Leetcode Daily Challenge (19th March, 2023)

Problem Statement:-

Design a data structure that supports adding new words and finding if a string matches any previously added string.

Implement the WordDictionary class:

  • WordDictionary() Initializes the object.

  • void addWord(word) Adds word to the data structure, it can be matched later.

  • bool search(word) Returns true if there is any string in the data structure that matches word or false otherwise. word may contain dots '.' where dots can be matched with any letter.

Link: https://leetcode.com/problems/design-add-and-search-words-data-structure/

Problem Explanation with examples:-

Example 1

Input
["WordDictionary","addWord","addWord","addWord","search","search","search","search"]
[[],["bad"],["dad"],["mad"],["pad"],["bad"],[".ad"],["b.."]]
Output
[null,null,null,null,false,true,true,true]

Explanation
WordDictionary wordDictionary = new WordDictionary();
wordDictionary.addWord("bad");
wordDictionary.addWord("dad");
wordDictionary.addWord("mad");
wordDictionary.search("pad"); // return False
wordDictionary.search("bad"); // return True
wordDictionary.search(".ad"); // return True
wordDictionary.search("b.."); // return True

Constraints

  • 1 <= word.length <= 25

  • word in addWord consists of lowercase English letters.

  • word in search consist of '.' or lowercase English letters.

  • There will be at most 3 dots in word for search queries.

  • At most 10<sup>4</sup> calls will be made to addWord and search.

Intuition:-

  • A trie can be used to store the words in an efficient manner.

  • A trie is a tree data structure where each node represents a character in the word. One node can have multiple children. Each node can have a boolean variable to indicate if the word ends at that node.

  • A separate function can be used to perform the dfs search on the trie.

  • The dfs function can be used to search for the word in the trie by traversing the trie based on the characters in the word.

  • If the character is a '.', the function can be called recursively on all the children of the current node - backtracking.

  • If the character is not a '.', the function can be called recursively on the child corresponding to the character.

  • If the word is found, return True. Else, return False.

Solution:-

  • Create a trie node class with a dictionary to store the children and a boolean variable to indicate if the word ends at that node.

  • In the constructor of dictionary, create a root TrieNode object and assign it to the object.

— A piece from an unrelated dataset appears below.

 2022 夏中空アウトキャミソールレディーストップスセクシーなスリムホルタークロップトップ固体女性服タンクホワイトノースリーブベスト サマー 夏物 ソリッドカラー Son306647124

  • Create a function to add a word to the trie. Create a current node variable and assign it to the root node.

  • Iterate through the characters in the word. If the character is not in the children of the current node, create a new TrieNode object and assign it to the character in the children of the current node.

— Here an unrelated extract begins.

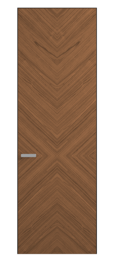 Полотно Рифт в скрытом алюминиевом коробе становится полноценным элементом декора. В коллекции представлено 9 моделей дверей в высоте до 3 метров. Рисунок раскладки шпона варьируется от простого до сложного. «Рубашка» для каждого полотна подбирается вручную по цвету, текстуре и фактуре.
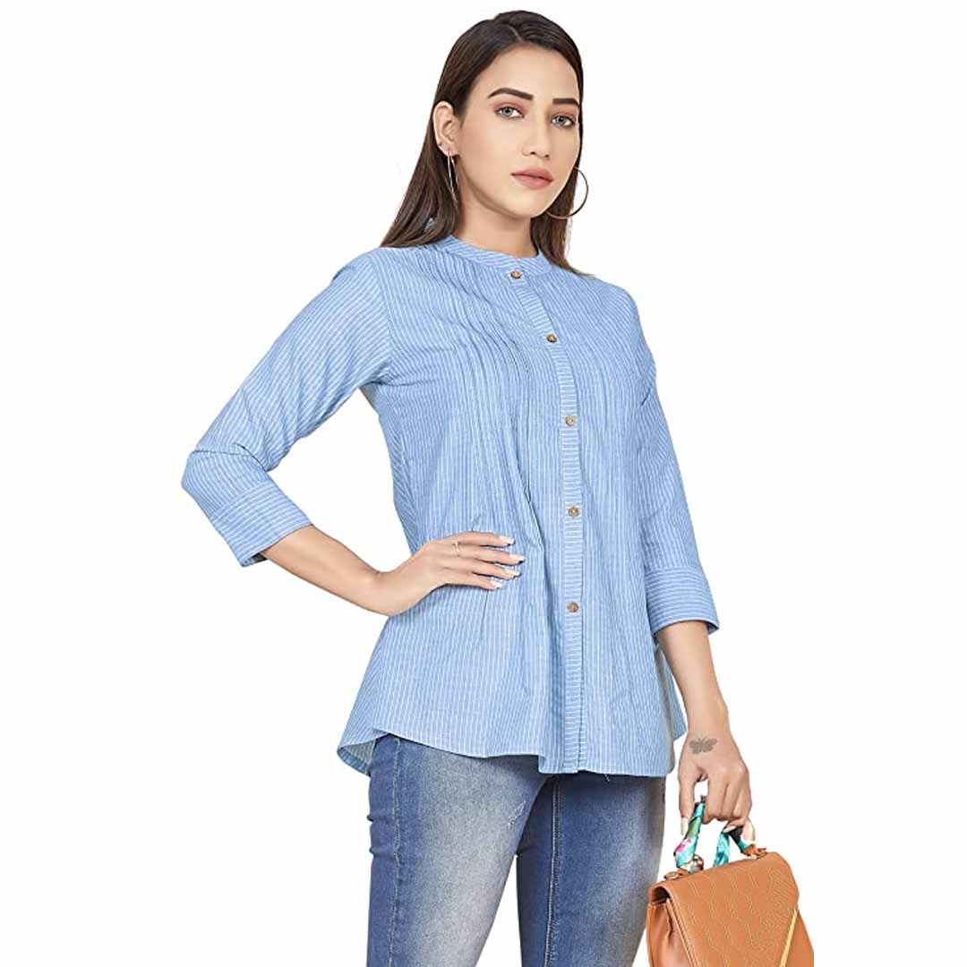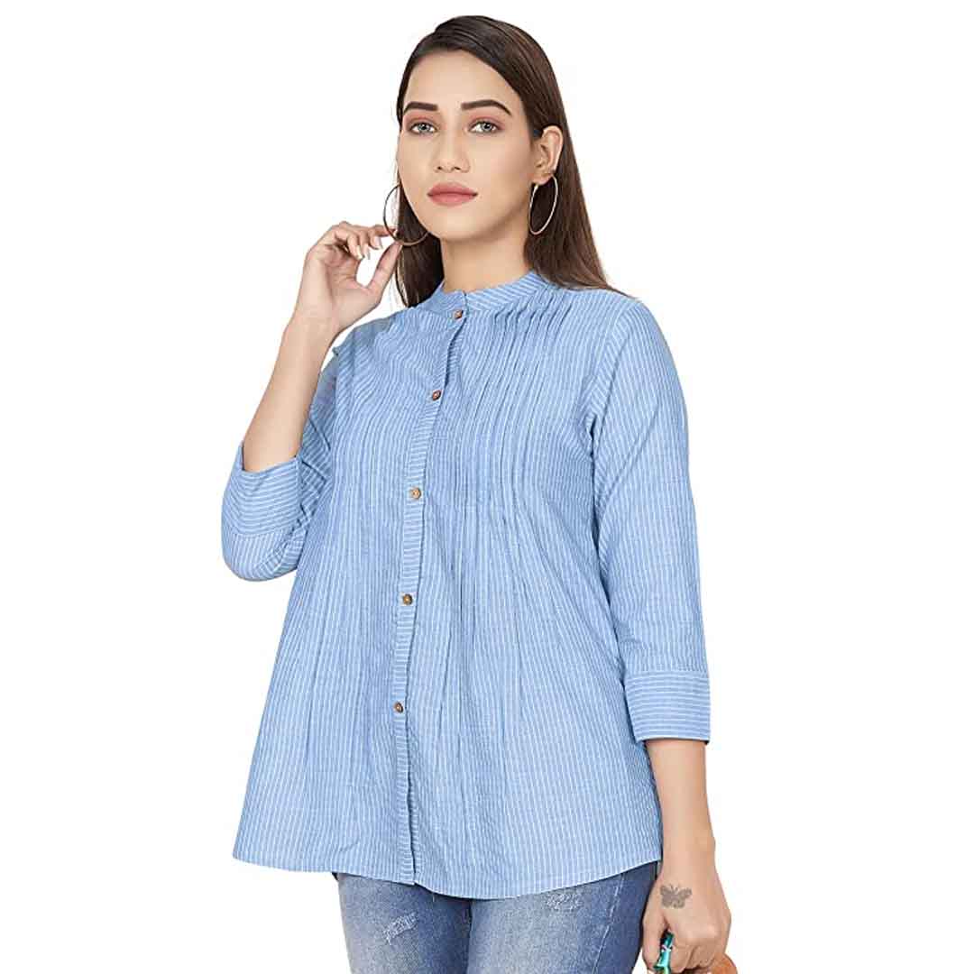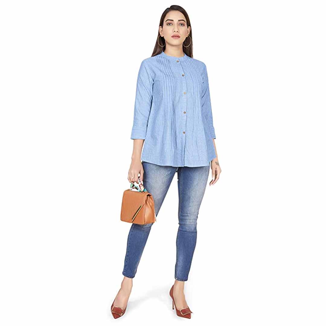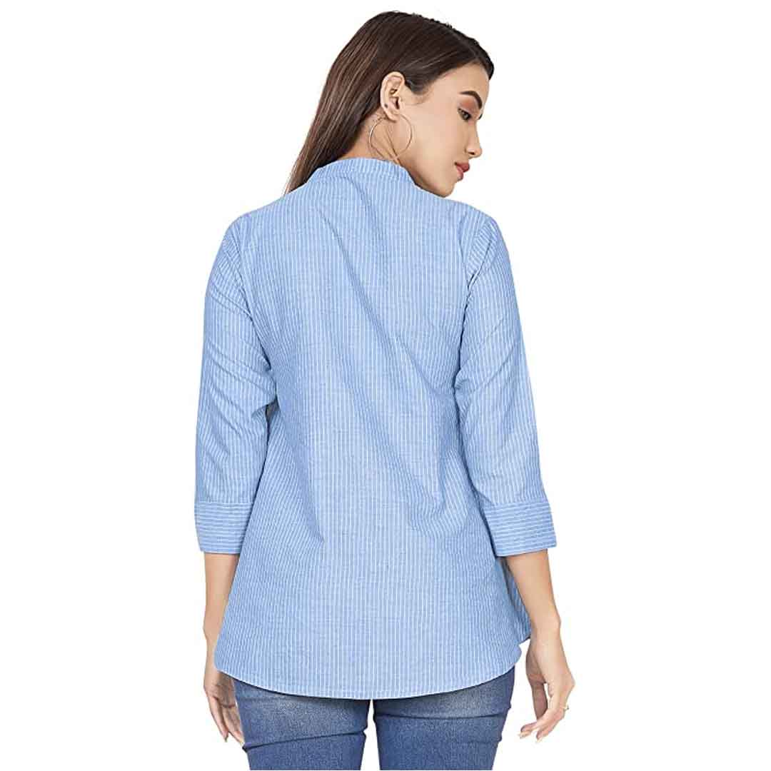 Spruce up your wardrobe with this stripe printed top from available. This shirt style top is perfect for a day out with friends or a nigh get-togethers with family. Made guys adore your sartorial elegance, when you wear this orange colored casual stripe printed top. Made of cotton fabric, this regular fit top is extremely comfortable to wear. Featuring a mandarine collar neck, gathered detailing and 3/4 sleeves, front button closure, this top boasts of exclusive appeal. The top partially opens from the front for ease of wearing. Create a sophisticated style by teaming this top with a pair of jeans and strappy sandals.

  • Assign the current node to the child corresponding to the character.

  • After the iteration, set the is_word variable of the current node to True to indicate that the word ends at that node.

  • Create a function to search for a word in the trie. Create a dfs function that takes the root node and the index of the character in the word as parameters.

  • Create a current node variable and assign it to the root node.

  • Iterate through the characters in the word starting from the index. If the character is a '.', iterate through the children of the current node. Call the dfs function recursively on each child and the index + 1. If the dfs function returns True, return True. Else, return False.

  • If the character is not a '.', check if the character is in the children of the current node. If not, return False. Else, assign the current node to the child corresponding to the character.

  • After the iteration, return the is_word variable of the current node.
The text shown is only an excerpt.